Thursday, May 07, 2009

Profile of the "Listening Process"

Chris Sugden has written an insightful and very important essay of yesterday's focus on the "Listening Process" at the Anglican Consultative Council now underway in Jamaica.

What exactly is the goal of the "listening process?" Is it truly about listening - if so, we had an intentional listening process for seven years in the Diocese of Virginia and it ended in deadlock.

No, the listening process isn't about listening - it's about conversion. In the case of the TEC-style "listening process" it's about political conversion - the "listening process" will continue until those who oppose the political aspirations of the progressive majority are either worn down to comply or to flee.

Note the quote from Bishop Gregory Cameron, Deputy Secretary of the Anglican Communion after he was asked by the Episcopal Church's reporter on why the current crisis couldn't be handled like other crises in the past:

" One of the difficulties is that there is no agreed understanding of the genius or spirit of Anglicanism. There are a number of churches saying we are the bearer of authentic Anglicanism. Further, in the debate on the ordination of of women there was a general sense that the instruments was the place where business could be done. People now question the Primates for over reaching themselves, the ACC for being set in western structures, the Lambeth Conference for possessing only moral authority and the Archbishop of Canterbury on the grounds we do not want an Anglican pope."

-Bishop Gregory Cameron

Here is the full report from yesterday's ACC meeting:

Today the report was presented from the Listening Process. In short, the ideology of seeking common ground between contradictory points of view that has characterized the listening process so far, has been combined with the Indaba process at Lambeth and extended to cover a range of theological issues.

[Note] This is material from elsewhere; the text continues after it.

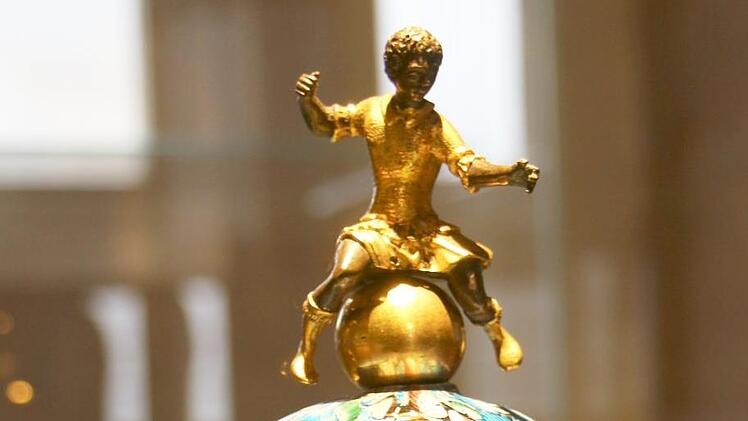 So wie dieser Kronleuchter aus Murano, wohl vom Anfang des 19. Jahrhunderts, ins Auge und Bewusstsein fällt, so sollen in Zukunft einige zentrale Kunstwerke aus der etwa 1000 Objekte umfassenden Sammlung von Herzog Alfred (geboren 1844 auf Windsor Castle, gestorben 1900 auf Schloss Rosenau) inszeniert werden. "Die Gläser erzählen spannende Geschichten. Die Leute sollen das erfahren und genießen können", sagt Sven Hauschke, der für das Glas in den Kunstsammlungen zuständige Kurator. Dafür wurden 17 zusätzliche Vitrinen angeschafft, riesige für die Darstellung eines historischen Büffets, und einzelne Glassäulen, um etwa die einzigartige große Achatschale aus Venedig Anfang des 16. Jahrhunderts zu präsentieren. Oder für die erstaunliche Milliefiori-Kugel aus dem 16. Jahrhundert mit der auf ihr balancierenden Mohrenfigur.

The listening process has been extended to 2011 and funded by the Satcher Health Leadership Institute at the Morehouse School of Medicine, for a project of Continuing Indaba.

Vinay Samuel has written of the Indaba Process:

“The Lambeth centre of the Anglican Communion is experienced as exercising colonial power. How else can the continued resistance of the Anglican Communion instruments to carrying out the decisions of the Primates Meeting over the last five years, leading to the acknowledged dominance of the 2008 Lambeth Conference by Archbishop Williams, be explained?

The Lambeth centre continues to impose its hegemony by introducing into all the central meetings of the Communion, Lambeth, the Primates’ Meeting in Egypt and the ACC meeting in Jamaica, the indaba process. This is designed to maintain matters as they are and avoid all discussion and decision about Anglican identity, membership and morality. Worse, this process claims to use a deracinated process that those from the Global South are expected to acknowledge as a tribute to their cultural contribution.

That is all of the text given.